一、Astar算法c
Astar算法(A*)是一种常用的寻路算法,因为它可以在一张地图中找到最短路径,并且计算量不大,所以被广泛应用于自动化寻路系统,游戏中的NPC移动等方面。A*算法的思路是在搜索过程中维护一个开放列表和一个封闭列表,搜索过程中通过启发式函数预测此路径的长度,来选择最优的路径。使用C语言实现A*算法如下:
void Astar()
{
while(!openList.empty())
{
AstarPt* present = openList.top();
openList.pop();
if (present->row == endPt->row && present->col == endPt->col)
{
endPt->pre = present->pre;
return;
}
closeList.push_back(present);
getSuccessors(present);
}
}
二、Astar算法与Dijkstra算法
Astar算法与Dijkstra算法都是用于寻路问题的经典算法。
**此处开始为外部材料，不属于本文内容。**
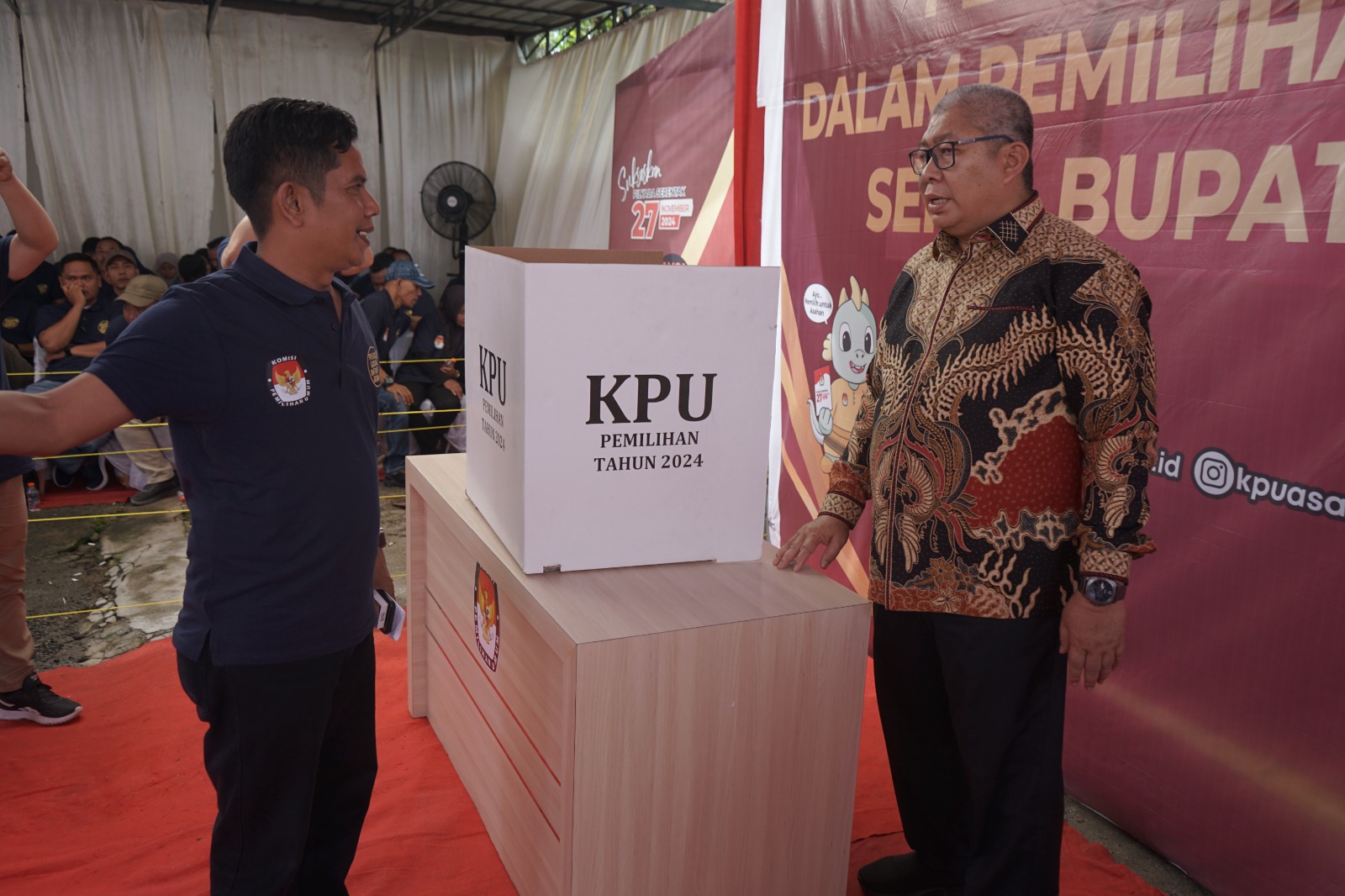 MEDIATOTABUAN.CO – ASAHAN – Menjelang pemungutan suara Pilkada Serentak tanggal 27 November 2024, Komisi Pemilihan Umum (KPU) Kabupaten Asahan menggelar Simulasi Pemungutan dan Penghitungan Suara di Halaman Kantor KPU Kabupaten Asahan Jalan Sisingamaharaja Kisaran, Minggu (17/11/2024). Simulasi turut dihadiri Pj Sekretaris Daerah Kabupaten Asahan, mewakili Kapolres Asahan, Ketua KPU Kabupaten Asahan beserta jajaran dan tamu undangan lainnya.
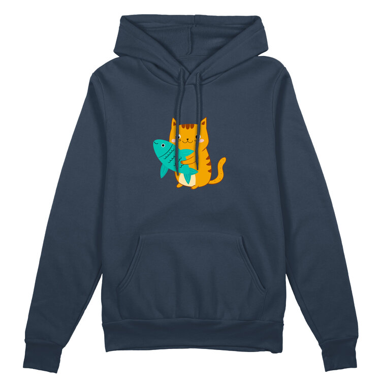 Женский свитшот «Рыжий котик с рыбкой» цвет темно-синий
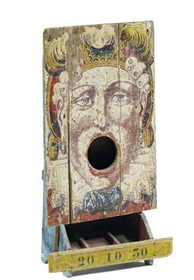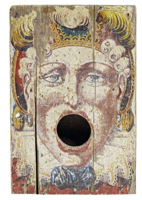 the rectangular board modelled as a male mask, his mouth cut with a circular aperture, the moulded apron with numbered scores
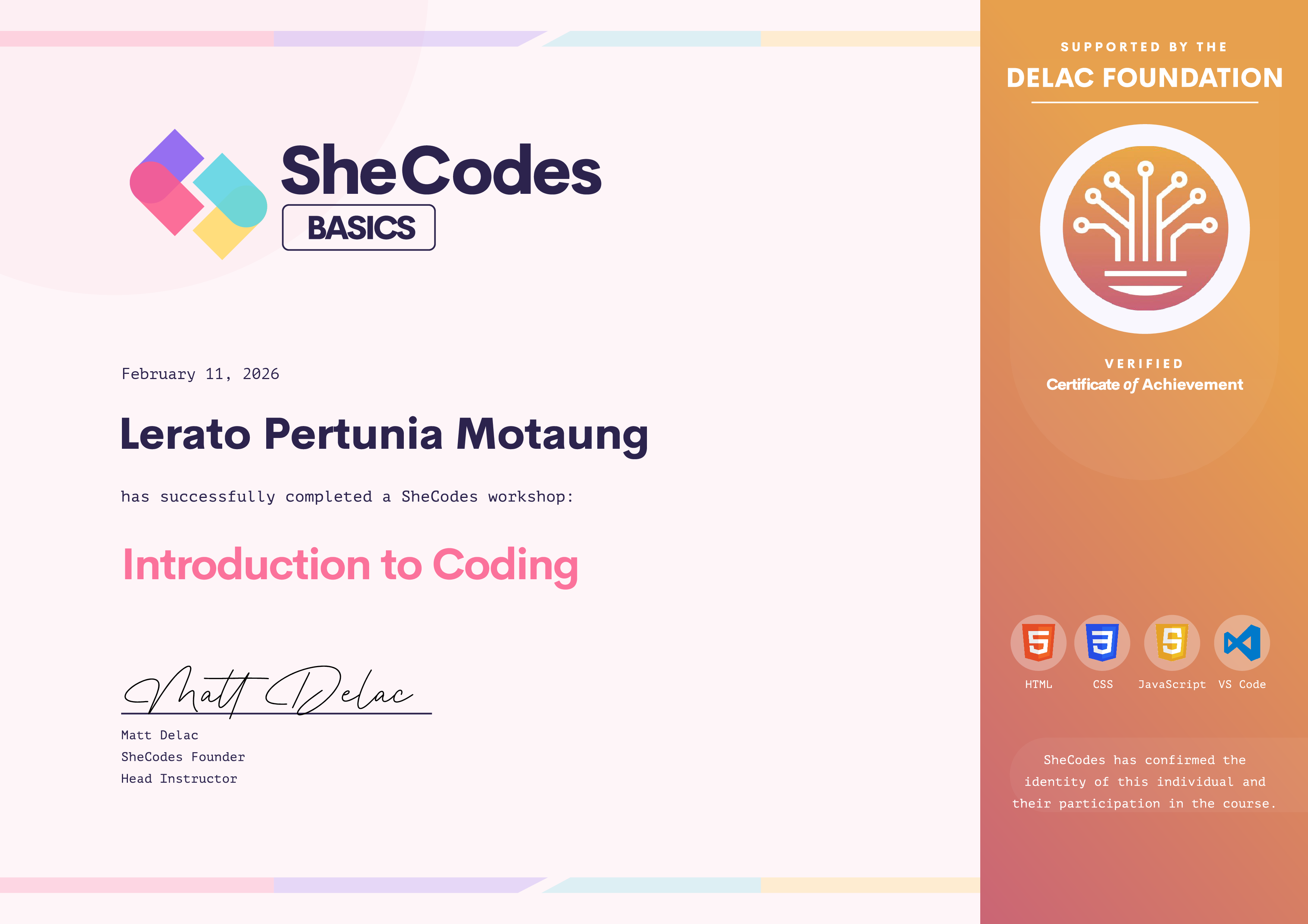 Lerato Pertunia has been fully supported by the The Delac Foundation to complete this SheCodes Workshop
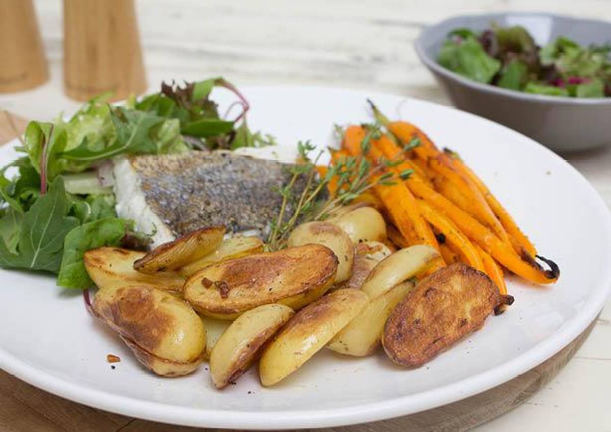 Heekfilet met geroosterde bospeen en gebakken tijm-krieltjes
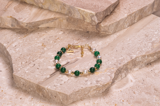 Unique Pearls & Blue Rondelle Jades Beaded Bracelet
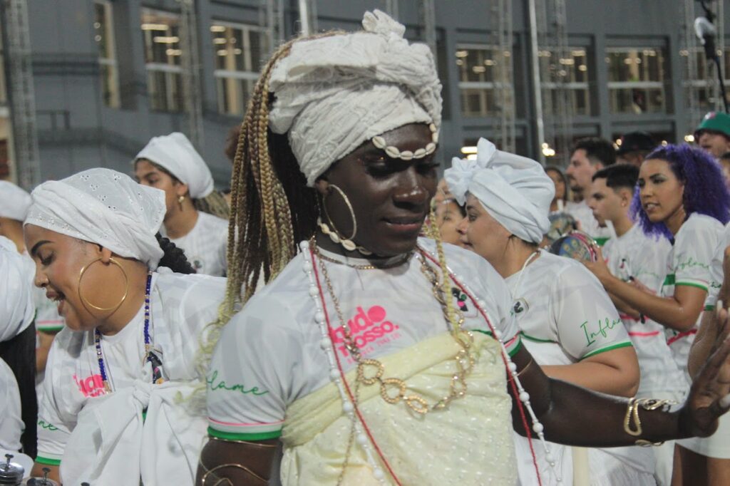 Durante o ensaio, diversos setores da escola trouxeram componentes com indumentárias que fazem referência aos povos originários, antecipando a estética e a narrativa que serão apresentadas no desfile oficial.
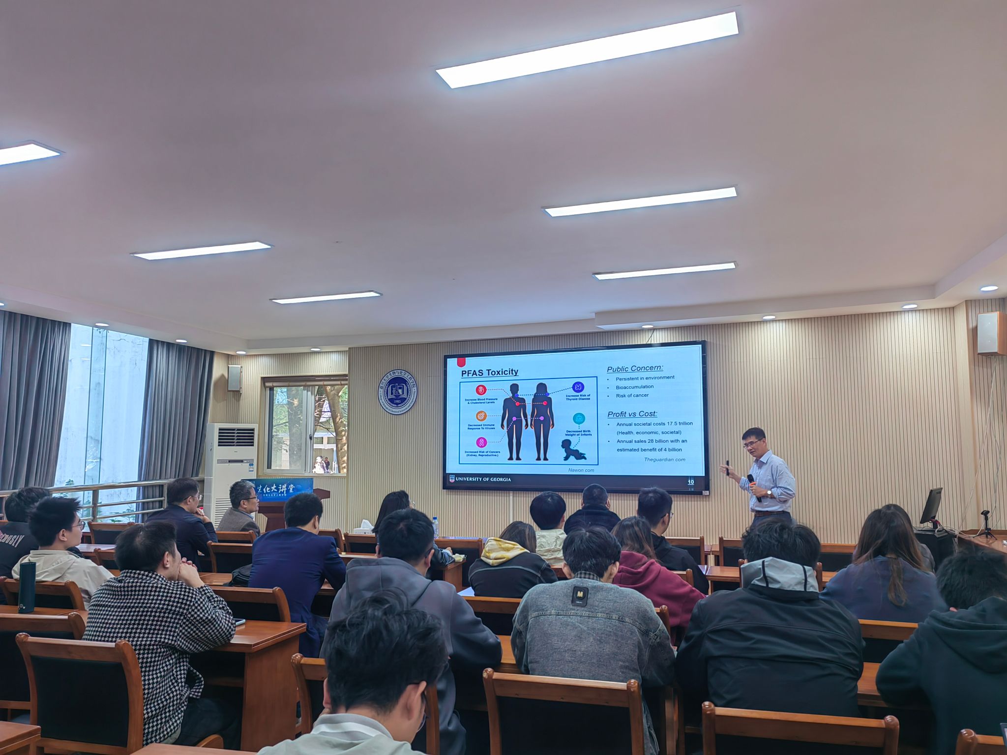 11月6日上午,美国佐治亚大学黄庆国教授作客“生化大讲堂”并应邀为生化学院师生做题为《“永生分子”PFAS:挑战、法规和机遇》的学术报告。生化学院胡长伟教授主持会议,全院师生近50人到场聆听。
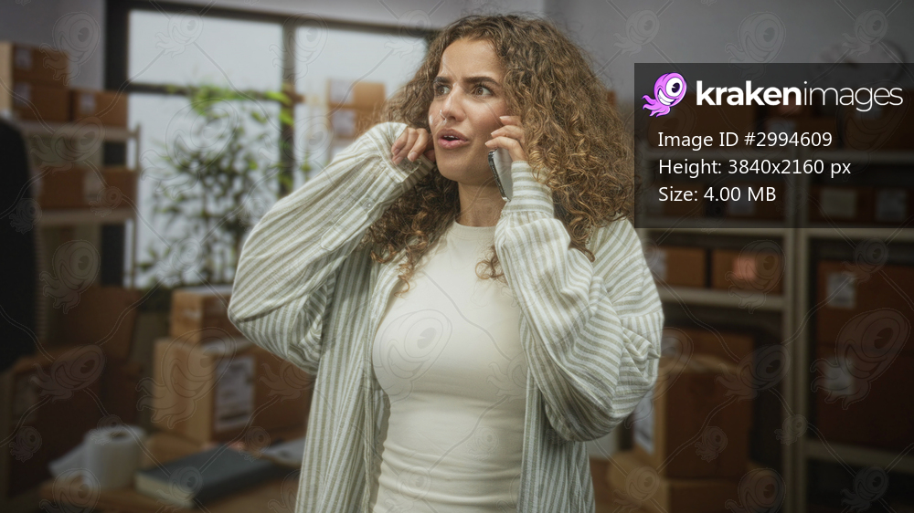Woman holds phone to ear, fingers at ear beside stacked boxes and shelves in building; frustration concern.

Dijkstra算法是一种基于图论的贪心算法,在某些特殊情况下可能会陷入死循环,而Astar算法不会。Astar算法在计算过程中预测剩余距离,因此总是朝着目标方向前进,相比于Dijkstra算法,它更加高效。而Dijkstra算法要求每个路径权值都为正数,因为它在计算时会扩展所有相邻节点,网格地图中代价计算比较困难。因此,对于需要在网格地图上搜索路径的问题,Astar算法是更好的选择。
三、Astar算法原理
Astar算法维护两个列表:开放列表和封闭列表。初始时,将起点放入开放列表中。在每次循环中,从开放列表中选取预估代价最小的节点出队,并将其放入封闭列表中。接下来,通过计算预估剩余距离将当前节点的邻居入队到开放列表中。在路径被找到之前,重复执行此过程。当路径被找到时,从终点开始遍历每个节点的pre指针,直到回到起始节点,即可得到这条路径。
四、Astar算法Python
Python语言实现Astar算法非常方便,以下是一个简单的实现例子:
def Astar(start, end, graph):
openList = PriorityQueue()
openList.put(start, 0)
cameFrom = {}
gScore = defaultdict(lambda: float('inf'))
gScore[start] = 0
fScore = defaultdict(lambda: float('inf'))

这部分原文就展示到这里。